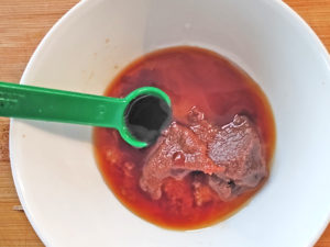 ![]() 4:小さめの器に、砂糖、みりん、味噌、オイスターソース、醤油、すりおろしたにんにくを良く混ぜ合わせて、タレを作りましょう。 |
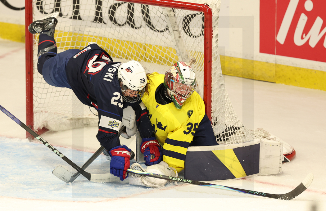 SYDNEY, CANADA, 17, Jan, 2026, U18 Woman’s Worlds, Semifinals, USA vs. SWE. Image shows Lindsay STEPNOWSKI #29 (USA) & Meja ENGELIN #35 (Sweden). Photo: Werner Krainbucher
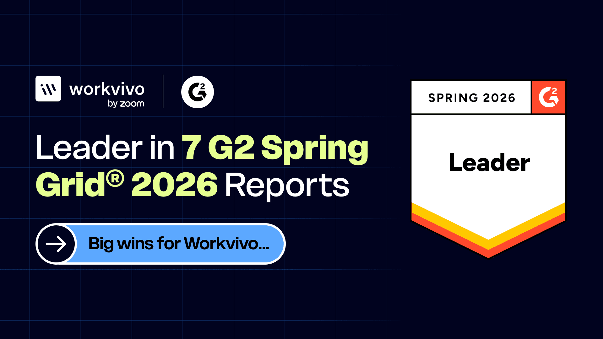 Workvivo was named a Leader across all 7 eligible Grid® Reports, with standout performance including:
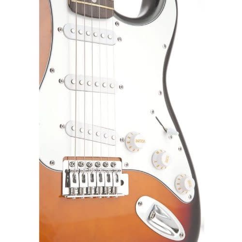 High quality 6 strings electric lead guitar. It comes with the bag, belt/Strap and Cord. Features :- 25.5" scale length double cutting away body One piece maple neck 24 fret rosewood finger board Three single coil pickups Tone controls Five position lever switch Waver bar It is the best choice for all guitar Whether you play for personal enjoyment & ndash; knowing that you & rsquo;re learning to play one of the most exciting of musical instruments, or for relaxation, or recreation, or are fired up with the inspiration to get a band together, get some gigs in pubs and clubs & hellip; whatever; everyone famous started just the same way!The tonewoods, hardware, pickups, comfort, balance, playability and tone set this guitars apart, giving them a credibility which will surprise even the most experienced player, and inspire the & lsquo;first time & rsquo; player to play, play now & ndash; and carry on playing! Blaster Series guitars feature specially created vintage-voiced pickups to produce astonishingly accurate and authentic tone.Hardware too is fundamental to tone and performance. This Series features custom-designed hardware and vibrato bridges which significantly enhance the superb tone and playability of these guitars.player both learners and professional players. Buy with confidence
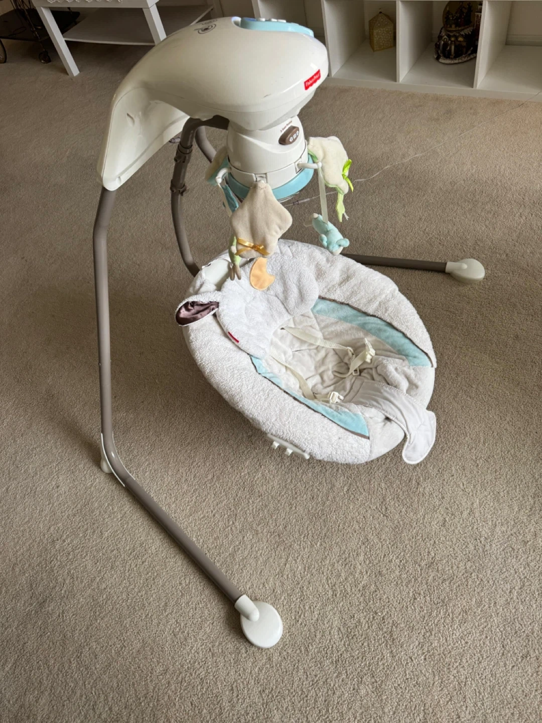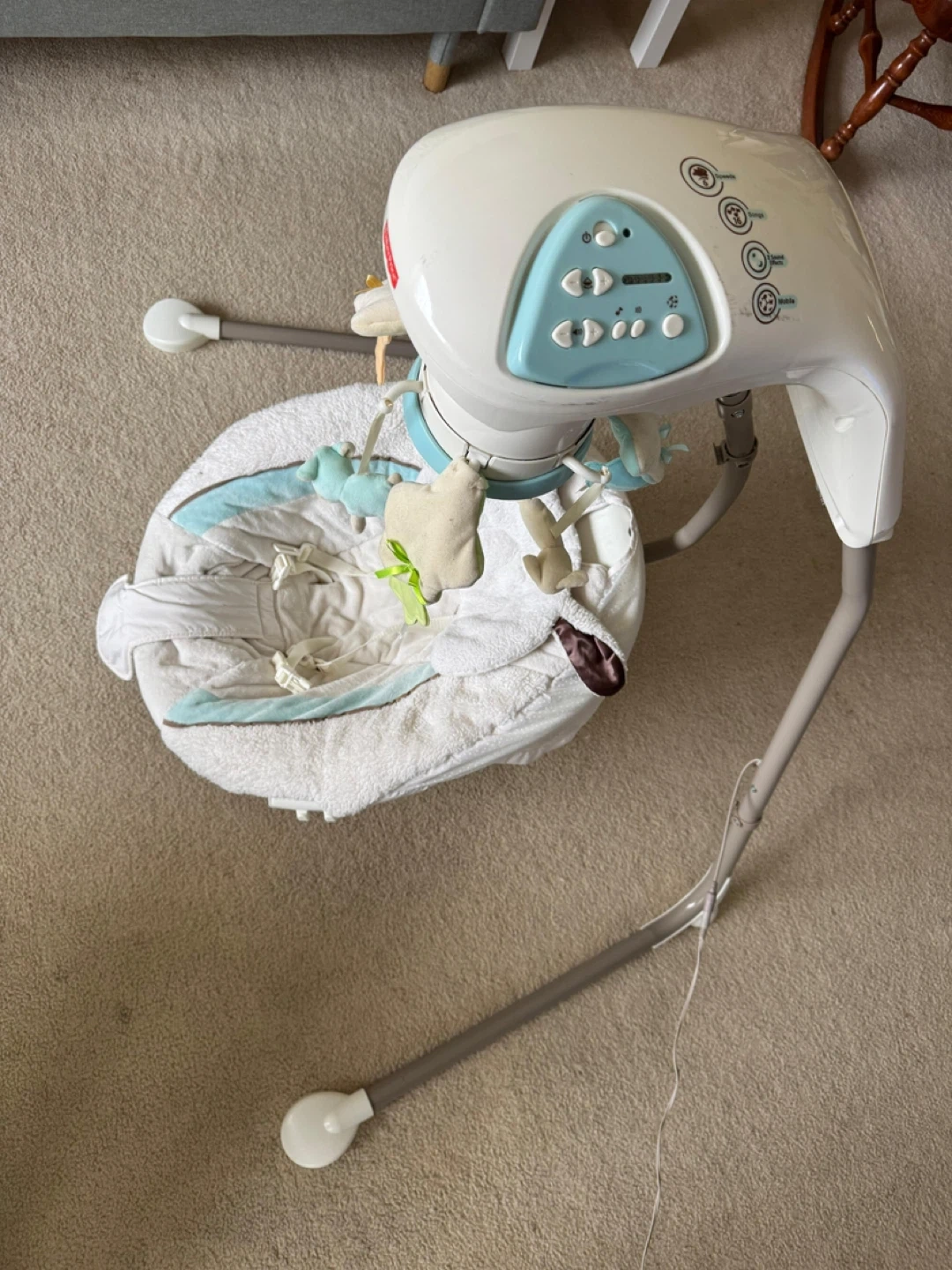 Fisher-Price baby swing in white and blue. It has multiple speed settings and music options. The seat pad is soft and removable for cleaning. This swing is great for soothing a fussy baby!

***

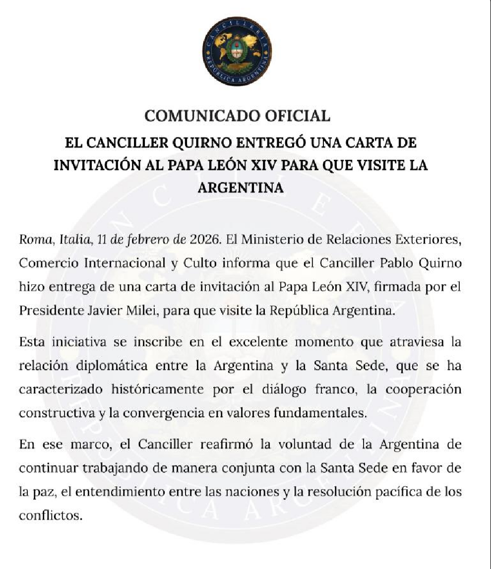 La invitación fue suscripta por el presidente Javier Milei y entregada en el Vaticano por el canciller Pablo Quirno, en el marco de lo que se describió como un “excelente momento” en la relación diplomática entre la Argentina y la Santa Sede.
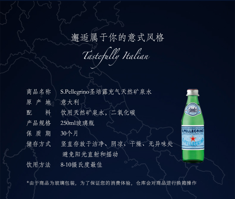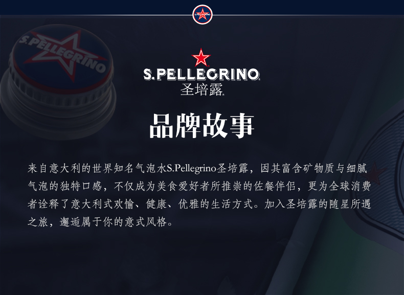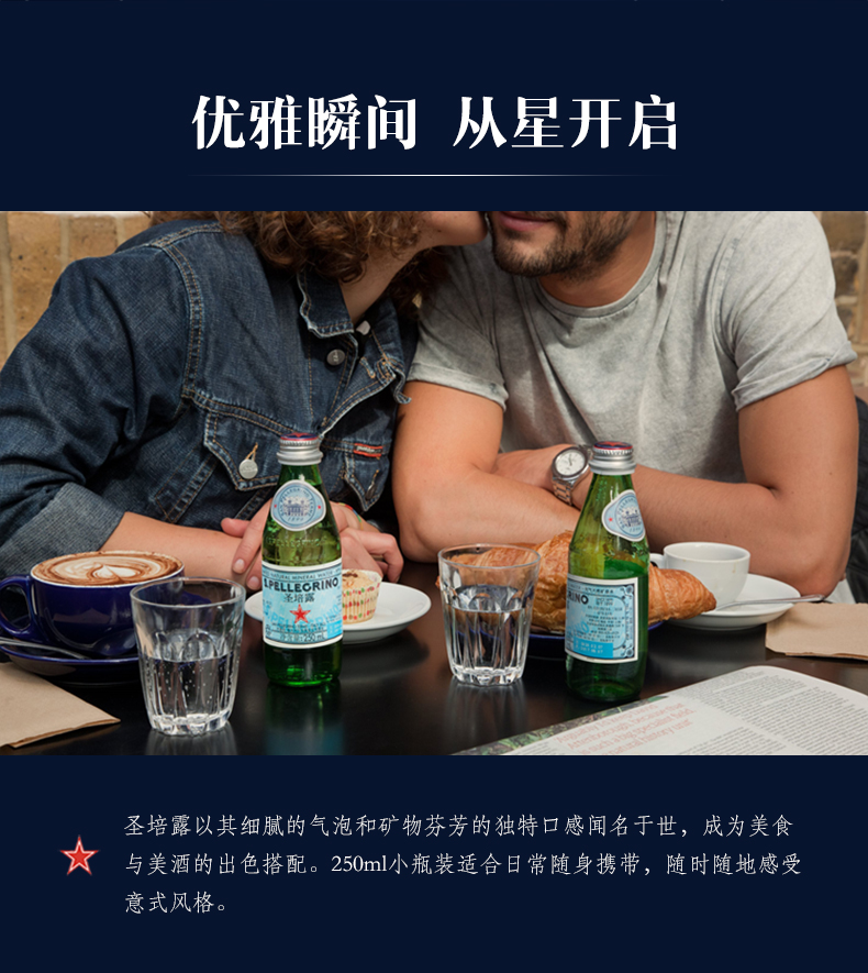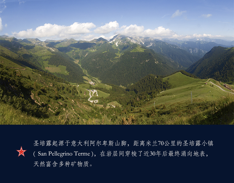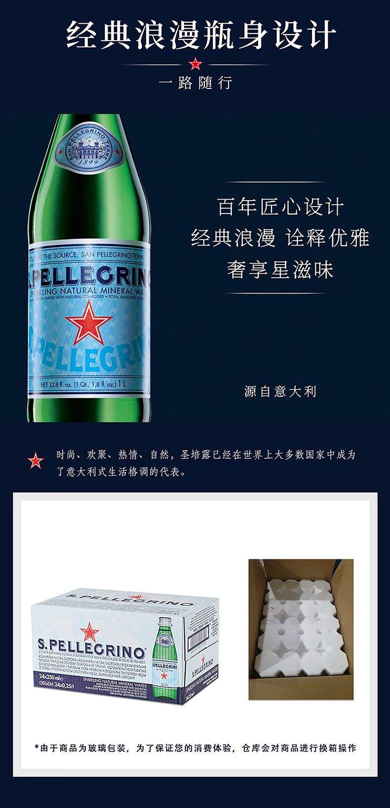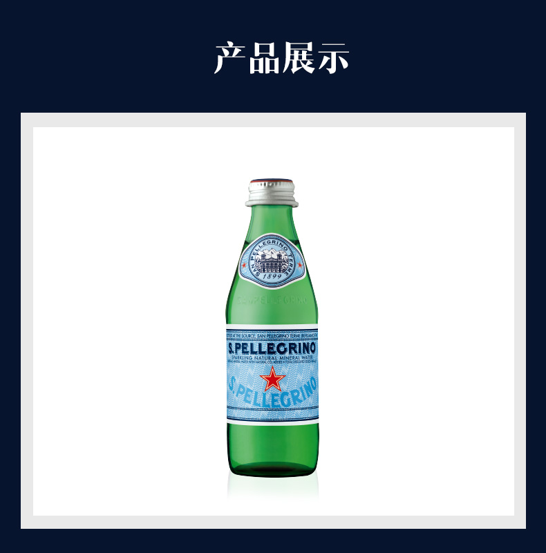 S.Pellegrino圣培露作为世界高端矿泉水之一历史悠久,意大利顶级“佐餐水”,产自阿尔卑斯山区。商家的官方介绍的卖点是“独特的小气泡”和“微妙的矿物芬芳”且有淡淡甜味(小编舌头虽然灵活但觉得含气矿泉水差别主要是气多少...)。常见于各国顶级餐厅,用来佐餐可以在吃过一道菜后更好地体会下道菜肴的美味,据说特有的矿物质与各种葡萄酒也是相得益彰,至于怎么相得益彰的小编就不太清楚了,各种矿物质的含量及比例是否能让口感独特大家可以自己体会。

***

Of the lines above, copy only those from the one holding "La invitación fue" to the one holding "S.Pellegrino圣培", both included, and exclude every image.

 La invitación fue suscripta por el presidente Javier Milei y entregada en el Vaticano por el canciller Pablo Quirno, en el marco de lo que se describió como un “excelente momento” en la relación diplomática entre la Argentina y la Santa Sede.
 S.Pellegrino圣培露作为世界高端矿泉水之一历史悠久,意大利顶级“佐餐水”,产自阿尔卑斯山区。商家的官方介绍的卖点是“独特的小气泡”和“微妙的矿物芬芳”且有淡淡甜味(小编舌头虽然灵活但觉得含气矿泉水差别主要是气多少...)。常见于各国顶级餐厅,用来佐餐可以在吃过一道菜后更好地体会下道菜肴的美味,据说特有的矿物质与各种葡萄酒也是相得益彰,至于怎么相得益彰的小编就不太清楚了,各种矿物质的含量及比例是否能让口感独特大家可以自己体会。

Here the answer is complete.